> _Work instructions_:
Once the line containing "埔里外籍移工被翻覆農用噴藥車翻覆OHCA。翻攝畫面" is found in the data below, repeat it and every later line exactly, leaving the pictures out.

> _Data provided_:
#####

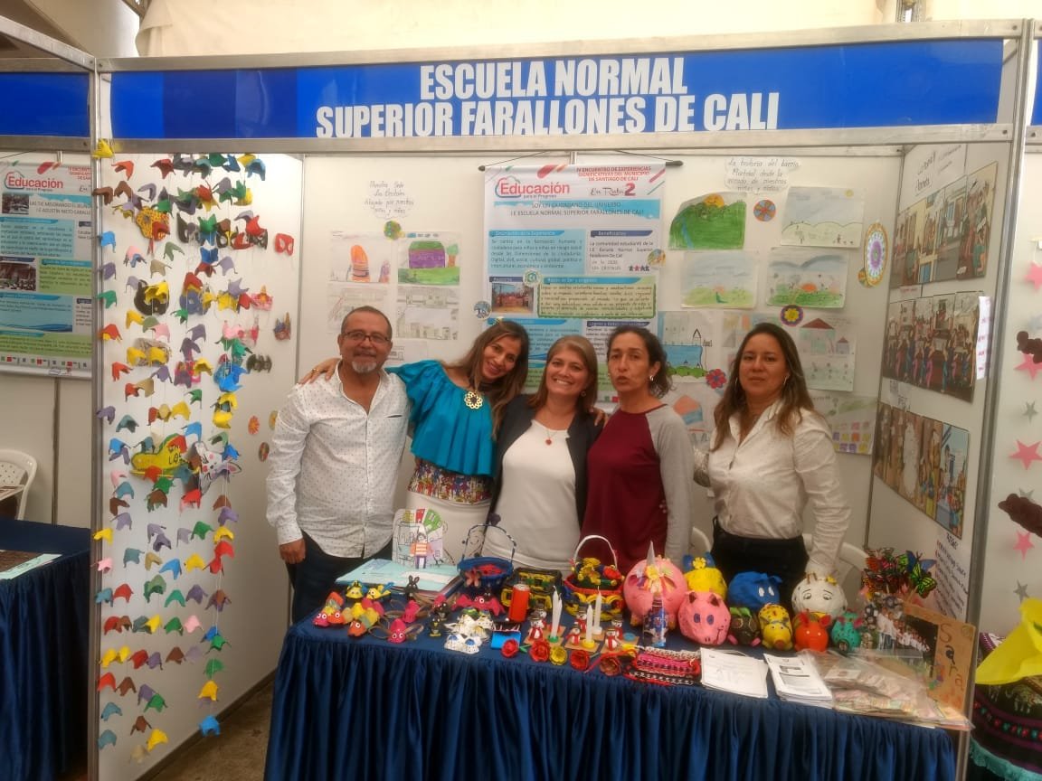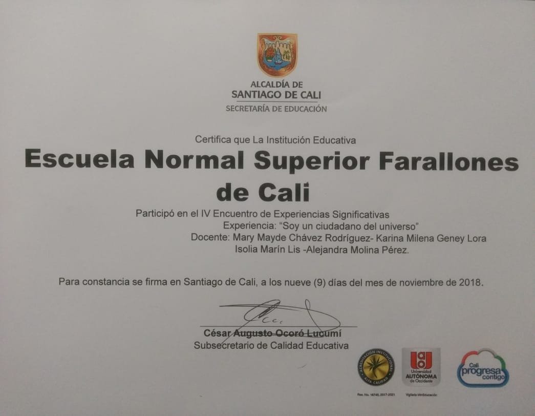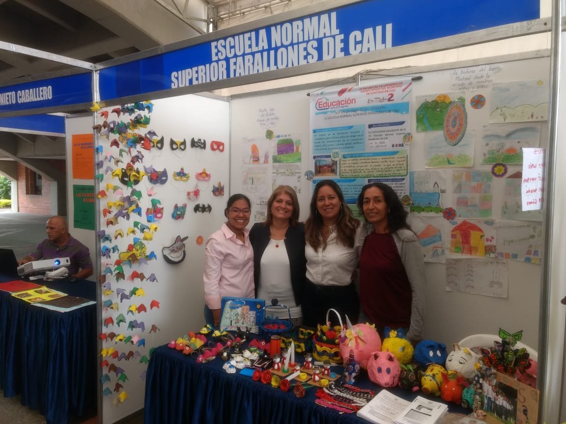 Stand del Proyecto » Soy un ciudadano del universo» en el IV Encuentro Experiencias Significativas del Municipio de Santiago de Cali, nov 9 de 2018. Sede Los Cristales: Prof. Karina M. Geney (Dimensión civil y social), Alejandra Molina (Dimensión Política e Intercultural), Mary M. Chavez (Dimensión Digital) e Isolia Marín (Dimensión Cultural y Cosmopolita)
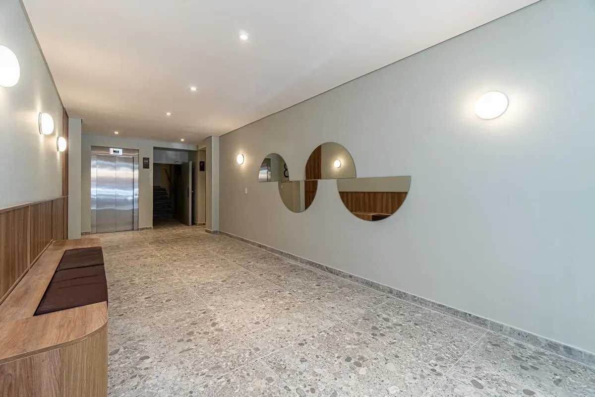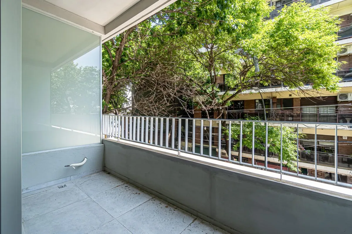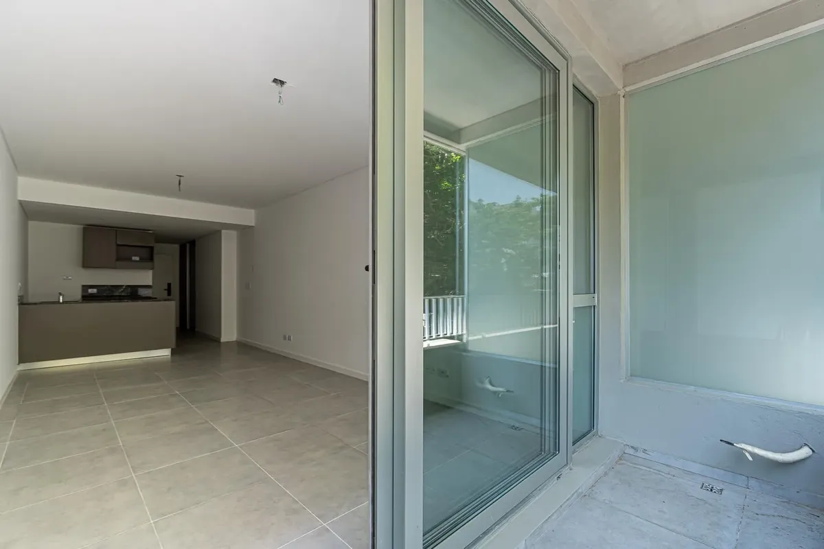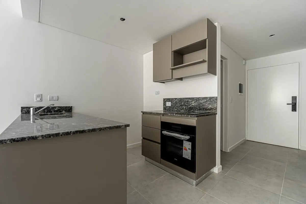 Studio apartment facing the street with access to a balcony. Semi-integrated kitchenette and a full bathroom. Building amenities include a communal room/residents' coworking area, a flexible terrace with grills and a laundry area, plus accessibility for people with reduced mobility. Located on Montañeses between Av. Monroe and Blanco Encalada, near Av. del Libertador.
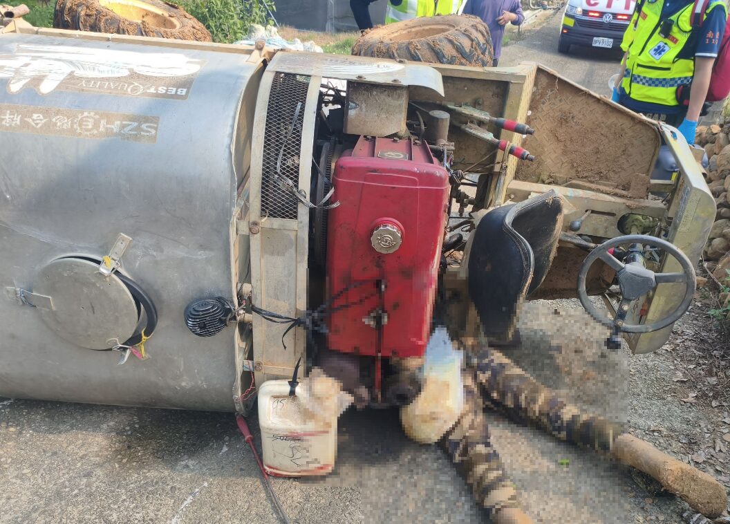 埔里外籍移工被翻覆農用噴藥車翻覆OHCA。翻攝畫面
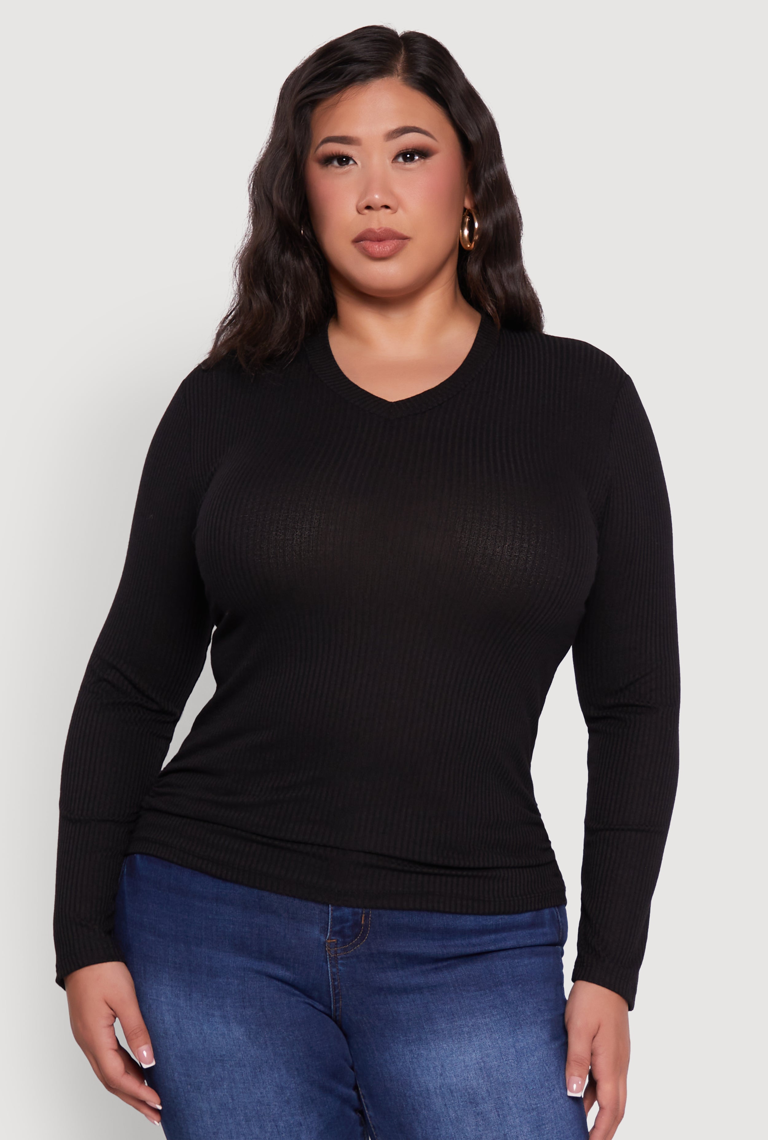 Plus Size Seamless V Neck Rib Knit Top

#####

> _Reply to the task_:
 埔里外籍移工被翻覆農用噴藥車翻覆OHCA。翻攝畫面
 Plus Size Seamless V Neck Rib Knit Top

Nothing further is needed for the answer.